If the new construction actually results in an increase in density -- the space isn't pissed away on setbacks, "open space", parking, larger units, or whatever -- then Charles is right, if unsentimental.

Unfortunately, that's not the rule for new development in this city.
It's true Jane Jacobs didn't particularly understand economics, and it's true that in general, the higher the supply of developed space, the more affordable it is for entrepreneurs or new households. In reality, there's always plenty of office space going begging. Local governments would rather allow offices to be built than any other type of development because they place such low demands on public services like education, parks, and trash pickup. 

Jane Jacobs would have had another major reason for opposing the development of 40-story buildings where one-story buildings used to be. In the empirical research that was her biggest contribution to the theory of how urban spaces work, she found that the security and livability advantages of density stopped between three and five stories up.

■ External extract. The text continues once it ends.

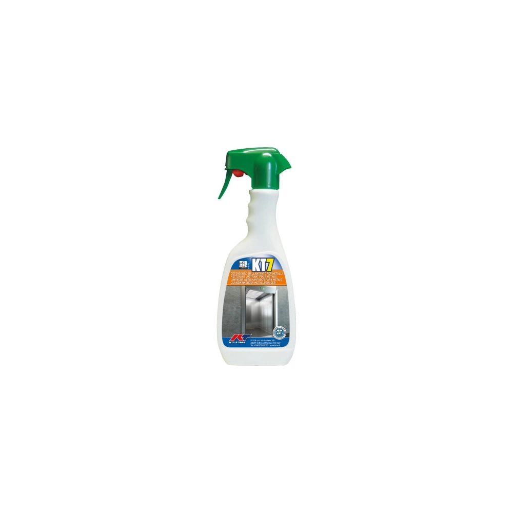 KT 7 è un detergente brillantante pronto all’uso specifico per acciai lucidi e satinati, alluminio e cromature.

Beyond that height you can no longer look out your window onto the street, and a trip downstairs and out onto the sidewalk starts becoming as big a deal as a drive to the soccer field out in the suburbs. Less foot traffic means less safety and fewer small businesses springing up. She would probably say, sure, pack the housing units in, build them right up to the sidewalk, but stop way before you get to the 40th floor. 

Libertarians like Glaeser like to claim Jane Jacobs as one of their own because they misread her as letting developers do whatever they want. The truth is a lot more complicated. It's not that a building taller than five stories can't be a nice place to live, but it's a lot more expensive because you need a lot more security. High-rise neighborhoods that work are not cheap places to live, and the dysfunctional ones are seriously scary, way scarier than any shantytown. 
Charles, I would argue that your position is too extreme. The situation can be thought of like environmental concerns. Government regulation is the only tool available to make sure that the profit interest of few isn't going to have permanent direct negative effects on the many. It is a balancing act. Otherwise, Charles, you would be leaning pretty hard to the capitolist camp.

When people morn the loss of institutions they rarely patronized, I am with you. The memory on capitol hill and all of its transplants is short and their nestalgia that of a child that lost a cookie. However, to presume that land ownership alone, in spite of a successful business with cultural and geographical significance, is free reign to tear down and build whatever is simply near sighted. There are costs in transition and costs in the perceived lack of identity, and costs to the people who must move, and many other costs that play no role on the balance sheet of a developer that the people and the government should weigh from time to time.

In short, I am often with you on this point, but try to add some nuance and stop being such a damn free market capitolist.
sadly, i agree with @4. @6, @4 thinking is my thinking precisely. but to borrow the words of rummy: you build with the city have, not the city you want. also, im still very much a marxist.
Old buildings add character, diversity, and identity to the area.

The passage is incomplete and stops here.